The task> Copy, word for word, each line of the data below from the first through the line containing "плотным ковровым покрытием.", and stop there.

Input material>
———
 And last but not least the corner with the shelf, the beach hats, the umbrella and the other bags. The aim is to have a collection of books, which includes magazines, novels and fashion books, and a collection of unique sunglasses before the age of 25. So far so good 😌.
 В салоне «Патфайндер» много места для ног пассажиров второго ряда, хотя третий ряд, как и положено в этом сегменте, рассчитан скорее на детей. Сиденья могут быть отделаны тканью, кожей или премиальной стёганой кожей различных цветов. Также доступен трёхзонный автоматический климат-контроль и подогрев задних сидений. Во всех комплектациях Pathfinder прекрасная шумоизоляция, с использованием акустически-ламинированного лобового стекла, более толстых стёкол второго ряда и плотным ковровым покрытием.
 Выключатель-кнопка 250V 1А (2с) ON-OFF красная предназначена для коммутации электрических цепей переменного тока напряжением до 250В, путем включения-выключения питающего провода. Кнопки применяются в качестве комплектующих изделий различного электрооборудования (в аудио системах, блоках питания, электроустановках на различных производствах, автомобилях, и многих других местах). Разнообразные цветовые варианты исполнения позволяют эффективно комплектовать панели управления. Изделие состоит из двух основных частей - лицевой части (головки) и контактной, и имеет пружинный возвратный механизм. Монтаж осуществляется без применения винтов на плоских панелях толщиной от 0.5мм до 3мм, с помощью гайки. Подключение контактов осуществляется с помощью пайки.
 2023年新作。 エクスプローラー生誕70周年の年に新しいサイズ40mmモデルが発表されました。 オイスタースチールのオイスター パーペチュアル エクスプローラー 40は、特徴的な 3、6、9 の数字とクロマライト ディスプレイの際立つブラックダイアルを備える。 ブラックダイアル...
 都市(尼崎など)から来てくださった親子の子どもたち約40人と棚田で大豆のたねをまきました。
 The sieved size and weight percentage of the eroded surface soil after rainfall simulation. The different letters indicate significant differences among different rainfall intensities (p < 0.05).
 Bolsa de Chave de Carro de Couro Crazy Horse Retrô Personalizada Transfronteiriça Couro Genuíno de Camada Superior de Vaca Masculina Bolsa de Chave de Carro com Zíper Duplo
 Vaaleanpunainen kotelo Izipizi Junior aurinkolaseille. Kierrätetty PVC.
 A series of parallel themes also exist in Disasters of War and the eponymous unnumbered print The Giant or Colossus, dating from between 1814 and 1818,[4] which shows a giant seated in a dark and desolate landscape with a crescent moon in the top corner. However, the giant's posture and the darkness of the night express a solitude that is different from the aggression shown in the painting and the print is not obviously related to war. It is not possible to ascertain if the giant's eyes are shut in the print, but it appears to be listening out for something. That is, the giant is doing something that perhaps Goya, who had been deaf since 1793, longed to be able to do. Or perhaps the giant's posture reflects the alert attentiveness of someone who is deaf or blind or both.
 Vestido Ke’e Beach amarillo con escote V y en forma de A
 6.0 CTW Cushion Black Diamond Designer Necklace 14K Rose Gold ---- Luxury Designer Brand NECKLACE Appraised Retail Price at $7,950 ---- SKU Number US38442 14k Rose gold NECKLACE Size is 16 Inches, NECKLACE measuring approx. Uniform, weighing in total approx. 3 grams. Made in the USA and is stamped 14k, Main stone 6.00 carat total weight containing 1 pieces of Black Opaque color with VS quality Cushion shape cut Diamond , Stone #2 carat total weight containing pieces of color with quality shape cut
———
Reply to the exercise>
 And last but not least the corner with the shelf, the beach hats, the umbrella and the other bags. The aim is to have a collection of books, which includes magazines, novels and fashion books, and a collection of unique sunglasses before the age of 25. So far so good 😌.
 В салоне «Патфайндер» много места для ног пассажиров второго ряда, хотя третий ряд, как и положено в этом сегменте, рассчитан скорее на детей. Сиденья могут быть отделаны тканью, кожей или премиальной стёганой кожей различных цветов. Также доступен трёхзонный автоматический климат-контроль и подогрев задних сидений. Во всех комплектациях Pathfinder прекрасная шумоизоляция, с использованием акустически-ламинированного лобового стекла, более толстых стёкол второго ряда и плотным ковровым покрытием.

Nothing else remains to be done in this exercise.